How to calculate the brightness (or intensity) ratio between two stars using the equation…?
I₂/I₁ = 2.51ᵐ¹⁻ᵐ²
I₂ = Brightness/Intensity of star 2(Wm⁻²) I₁ = Brightness/Intensity of star 1 (Wm⁻²) ᵐ¹ = Apparent magnitude of star 1 (no units) ᵐ² = Apparent magnitude of star 2 (no units)
What is the absolute magnitude of a star?
- The apparent magnitude of a star if it were placed 10 parsecs away from Earth.
- Like apparent magnitude, it also has a number scale: the lower the number, including negative numbers, the brighter the star.
What is absolute magnitude dependant on?
It is only dependant on the luminosity of the star (not distance, because it is always measured from a distance of 10pc)
What equation links apparent magnitude to absolute magnitude?
m - M = 5log(d/10)
m = Apparent magnitude of star (no units) M = Absolute magnitude of star (no units) d = Distance from Earth (in parsecs - pc)
*If you know the absolute magnitude of a star, you can use this equation to calculate the distance from Earth. This is because the distance to most stars is too big to measure using parallax - meaning of this?
How is the m-M = 5log(d/10) rearranged to calculate distance?
[ 10^(m-M/5) ] x 10 = d
You can also use the absolute magnitude formula to calculate the distance to distant object of standard candles. What are standard candles and give an example?
- Standard candles are objects that you can calculate the absolute magnitude of directly e.g. type 1a supernovae
- All type 1a supernovae have the same absolute magnitude.
- If you then compare it with its apparent magnitude from Earth ,you can use the equation to calculate its distance.
Which objects emit EM waves?
Any objects which has a temperature above absolute zero emit EM waves.
- At room temp, the object would emit waves of the infrared spectrum
- At much higher temperatures, the object can emit waves of visible light.
SO…what does the wavelengths emitted by an object depend on?
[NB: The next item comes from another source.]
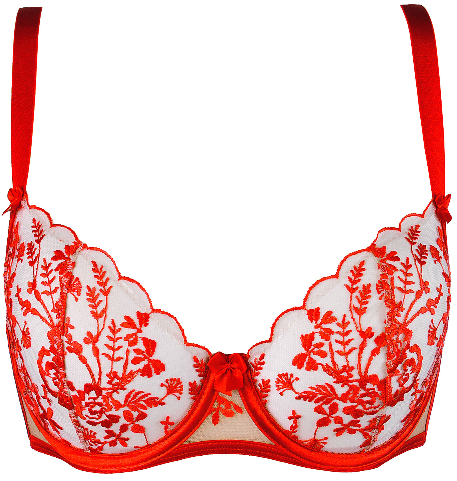 Tato měkká podprsenka, okouzlující jemnou výšivkou, je návrhem pro ženy, které ocení sofistikovaný design a nejkvalitnější látky. Balkonetní střih krásně zdůrazní krásu dekoltu a měkké látky pohladí pokožku. Tento střih je ideální pro větší velikost poprsí, poskytuje ideální pohodlí a rozkošný vzhled. Kombinace béžového pozadí a ženské červené výšivky dodává celku kouzlo.
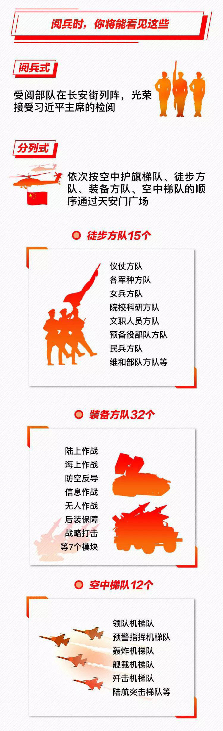 為慶祝新中國成立70周年,10月1日北京天安門廣場將舉行盛大閱兵式。屆時,32個裝備方隊、12個空中梯隊將通過天安門廣場,接受檢閱。此次閱兵,所有受閱裝備均為國產現役主戰裝備,其中包括我軍部分新型裝備,是近幾次閱兵中規模最大的一次。

The wavelength emitted by an object depends on its temperature.
What is a black body?
A black body is an object that is a perfect emitter and absorber of all possible wavelengths of electromagnetic radiation
- Called a black body because they don’t reflect any light.
- There is no such thing as a black body, but to a reasonably good approximation stars can behave as black bodies, so we can use balck body curves to make estimations about its properties. The sun can be assumed to be a black body.
What is black body radiation?
As black bodies emit all wavelengths of EM radiation, they produce a continuos spectrum of EM waves known as black body radiation.
What are black body curves?
A graph of radiation power output against wavelength of a black body. This varies with temperature, i.e. at certan temperatures, one type of wavelength may be emitted more per second, than another.
What is the general shape of a black body curve.
DRAW IT - pg223 of cgp.
What happens to the peak of the black body curve and the power output of a black body as the temperature of the black body increases?
- The peak of the graph moves towards the shorter wavelengths as temperature increases.
- The height of the peak (as well as the rest of the graph line) also increases i.e. the power output of the black body increases.
- This means a lot more radiation is released, especially the wavelengths at and near the peak wavelength.
What is Wein’s displacement law?
*This equation is used for black bodies and objects, like stars that behave as black bodies.
- All black body spectra have a peak intensity.
- The wavelength at which the peak occurs at is known as the peak wavelength, λₘₐₓ.
- The higher the surface temperature of the star, the short the peak wavelength, λₘₐₓ.
λₘₐₓ is related to the temperature by Wein’s displacement law:
λₘₐₓT = 2.9x10⁻³mK
T = Surface temperature (in Kelvin) 2.9x10⁻³ = Wein's constant (in metres Kelvin)
Why may a hotter star not appear as bright as a cooler one?
It may emit radiation that is mostly not part of the visible light spectrum, i.e. its peak wavelength may be located in the UV, X-ray or Gamma ray region whereas the cooler star may emit more radiation with wavelengths corresponding to visible light spectrum making it appear brighter.
LOOK AT PG224 ON CGP TO SEE THIS.
What is Stefan’s Law in words?
The power output of a star is directly proportional to its surface temperature to the power of 4 and the surface area of the star.